What you have to do » Will you write out, word for word, every line from the one with "商品名称: 京东京造黑神话悟空联名键盘《墨染乾坤》限量收藏版 铝坨坨三模机械键盘" to the final line of the data below, with the pictures left out?

Excerpted records »
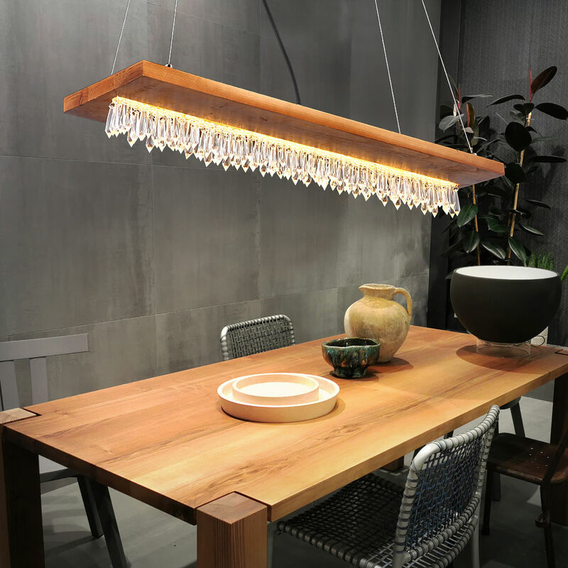 Descrizione Questa lampada a sospensione (80x20 cm) aggiunge un'elegante fonte di luce alla tua casa. Consiste in una trave di legno marrone che è attaccata a quattro cavi di metallo e ha una barra di plastica opalina al centro da cui pendono bellissimi cristalli di plastica. Questo copre le lampadine a LED incluse, che forniscono 1546 lumen di luce con un piacevole colore della luce di 3000 Kelvin (bianco caldo). Inoltre, l'altezza della lampada a sospensione può essere regolata fino a 145 cm durante l'installazione. Puoi aggiungere il tocco finale ai tuoi interni con mancano altri modelli della stessa serie. dettagli apparecchio • Tipo di lampada: lampada a sospensione • Materiale: metallo, legno, cristalli di plastica• Colore: nero, marrone, opale, trasparente • Protezione classe: IP20 • Lunghezza x larghezza x altezza in cm: 80x20x145 • Sorgente luminosa: 1x LED • Sorgente luminosa inclusa: Sì • Potenza sorgente luminosa: 1x 25 watt • Flusso luminoso: 1x 1546 lumen• Colore luce
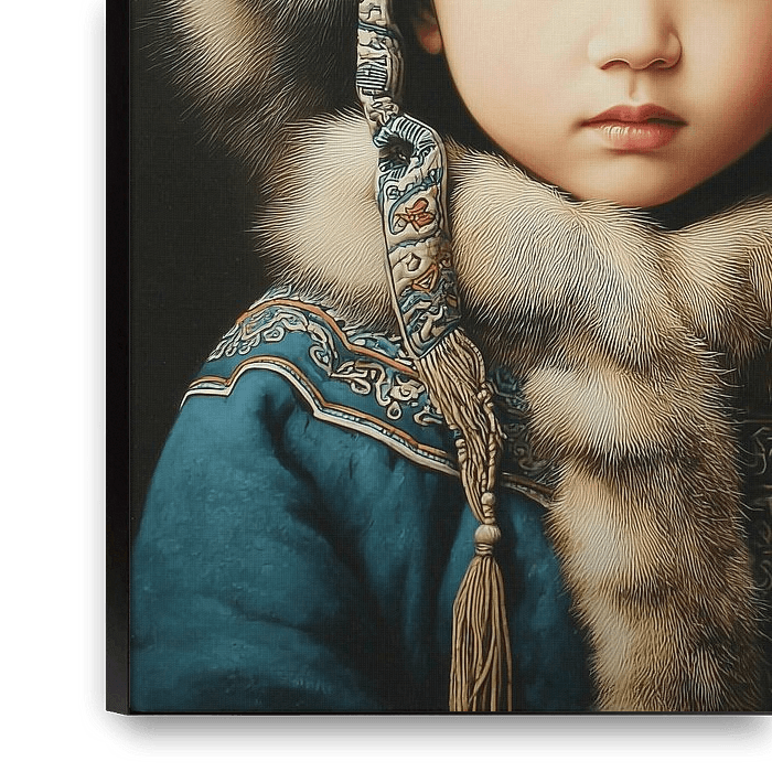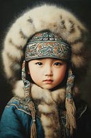 Een jong kind, gehuld in bont en traditioneel geborduurde kleding, kijkt recht de toeschouwer aan. De zachte warmte van de pels contrasteert met de strenge kou van haar wereld, maar in de ogen gloeit een innerlijk vuur.
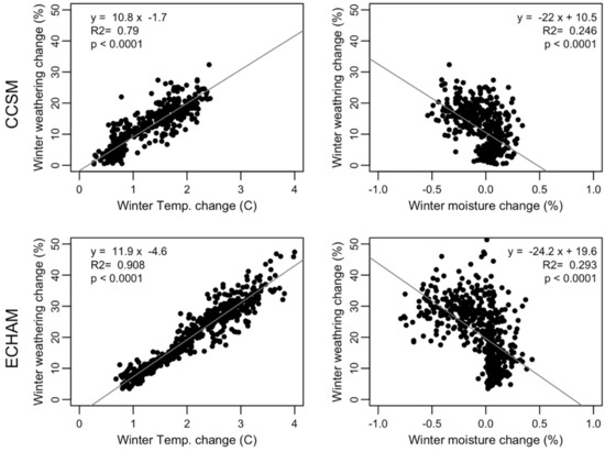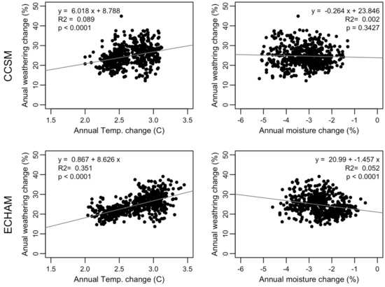 The effect of the change in annual average soil moisture on the weathering rates seems inconclusive (Figure 5). Under the CCSM climate scenario, the correlation between the increase in average annual weathering and the decrease in average annual moisture is not significant, weak, and has a wide spread. Under the ECHAM climate scenario, although the correlation is significant, it has a wide spread and a weak slope (Figure 5).
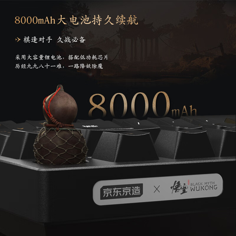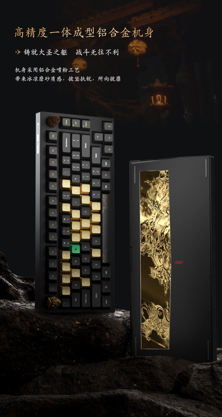 商品名称: 京东京造黑神话悟空联名键盘《墨染乾坤》限量收藏版 铝坨坨三模机械键盘 金粉轴 游戏电竞 送男友礼物 Wukong/把
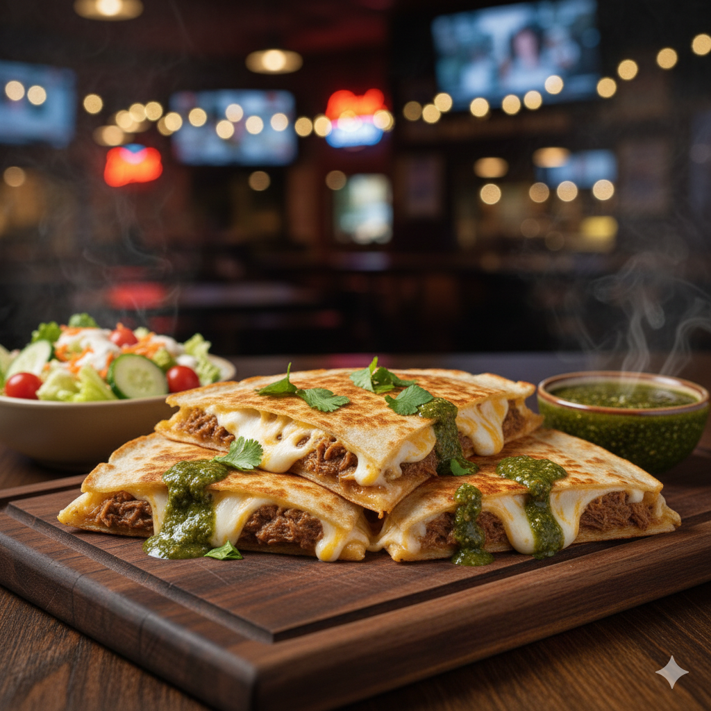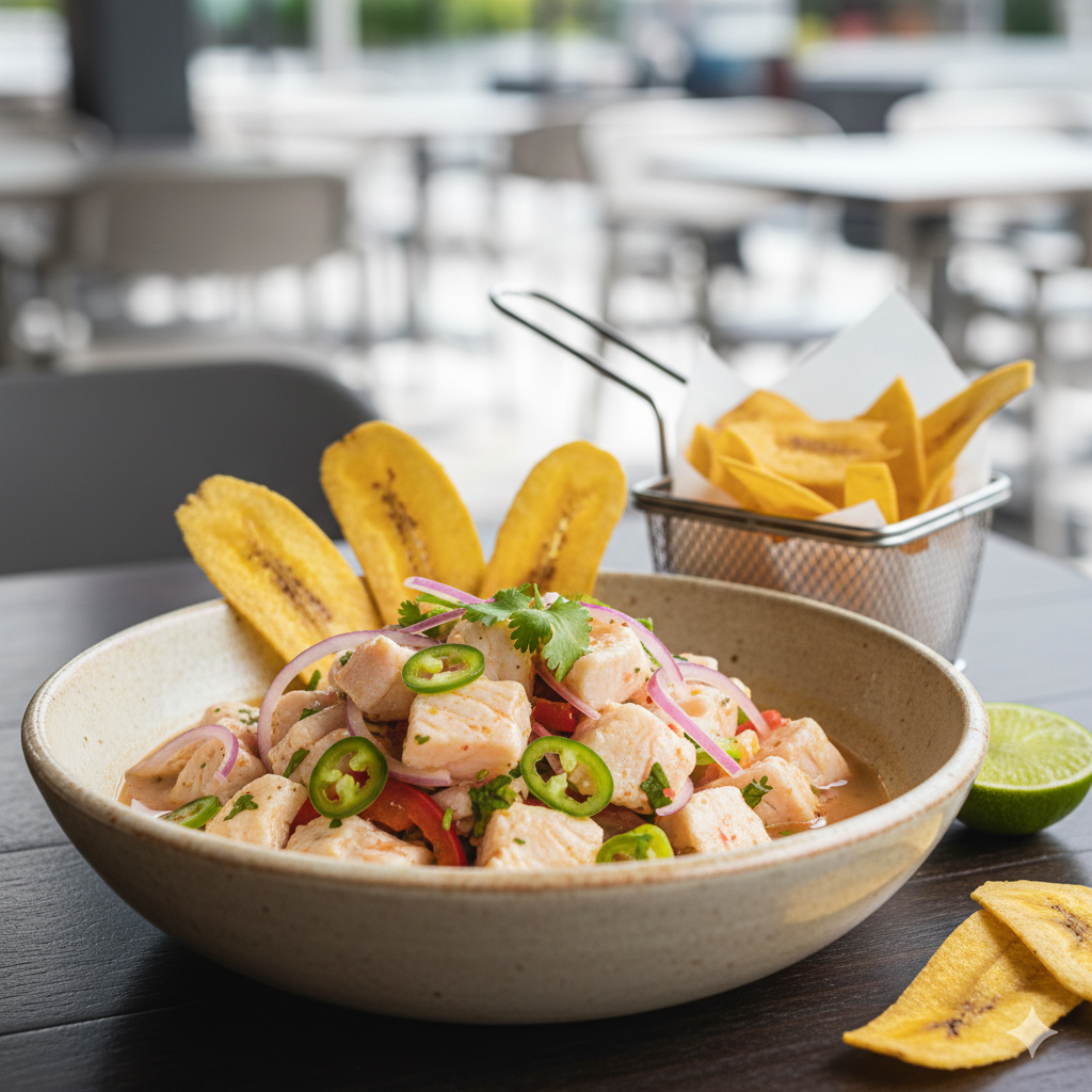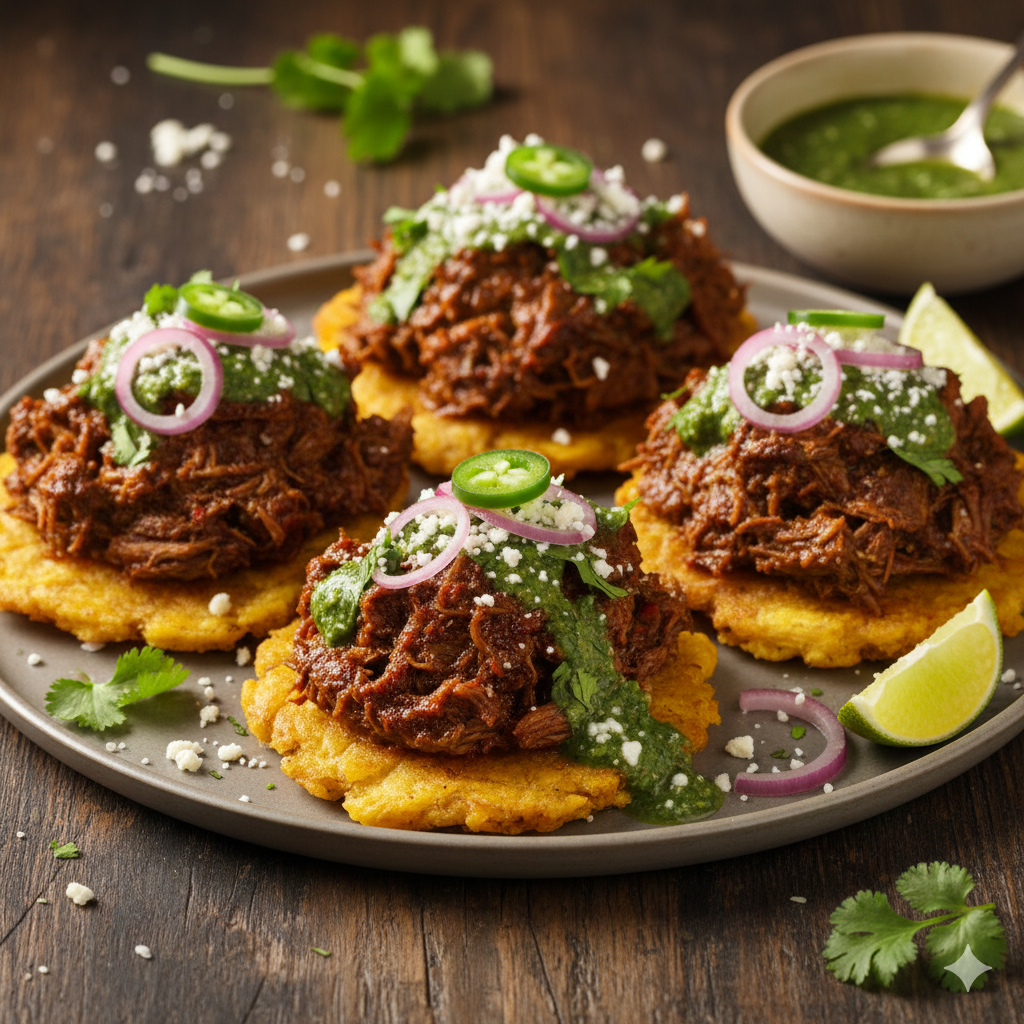 Salteado de cebolla y chile dulce, tortillas chips, chimichurri.
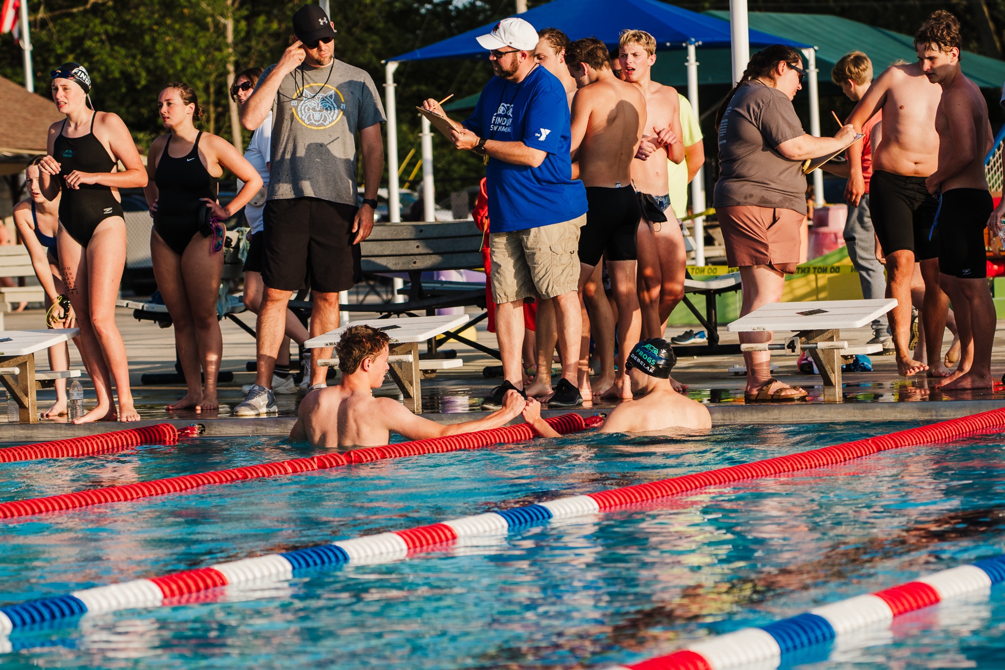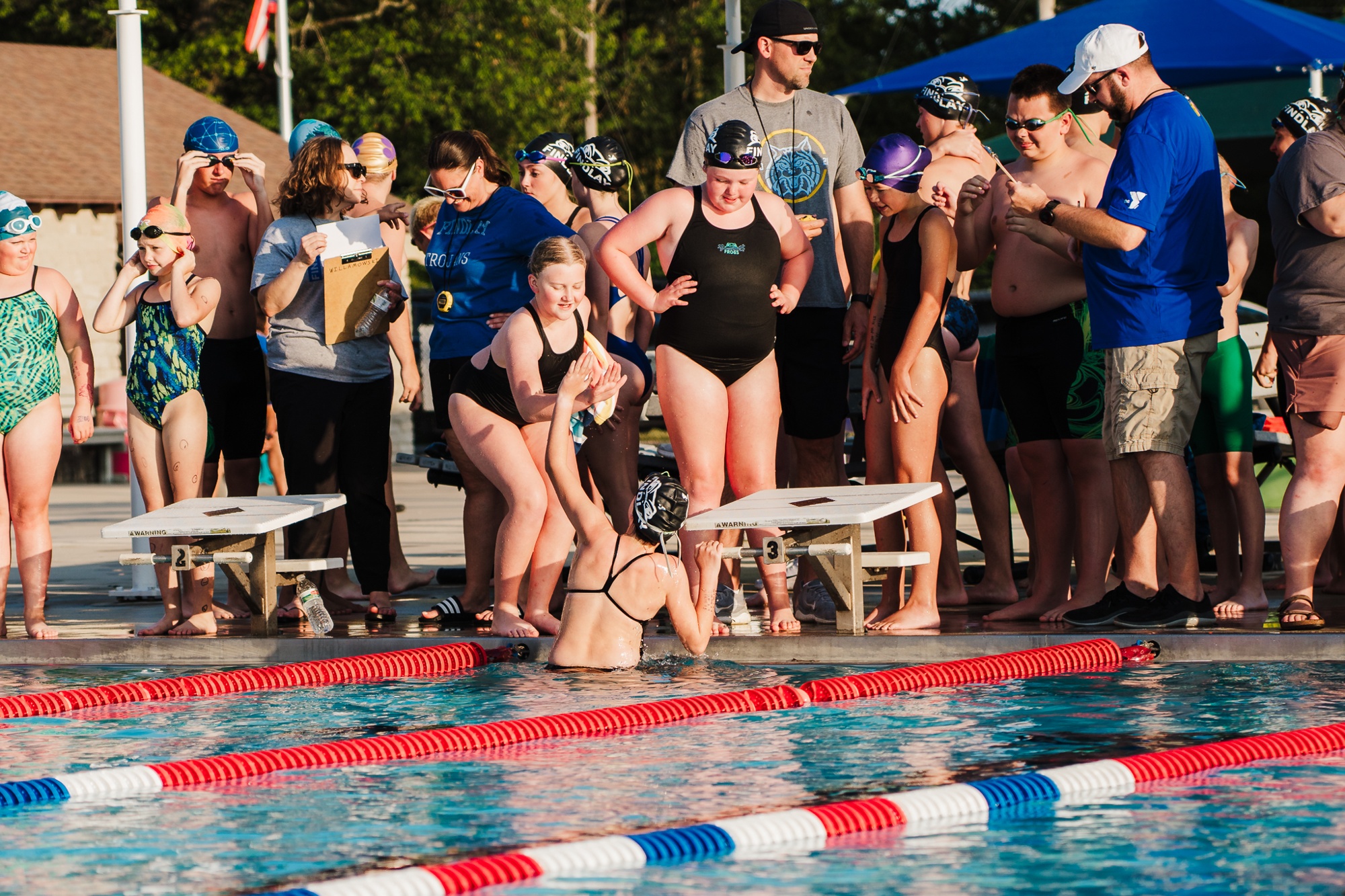 The Findlay YMCA Swim Team is a competitve swim program that serves Northwest Ohio swimmers. To join the team, swimmers must be able to swim one length of the pool freestyle and backstroke.

Task solution »
 商品名称: 京东京造黑神话悟空联名键盘《墨染乾坤》限量收藏版 铝坨坨三模机械键盘 金粉轴 游戏电竞 送男友礼物 Wukong/把
 Salteado de cebolla y chile dulce, tortillas chips, chimichurri.
 The Findlay YMCA Swim Team is a competitve swim program that serves Northwest Ohio swimmers. To join the team, swimmers must be able to swim one length of the pool freestyle and backstroke.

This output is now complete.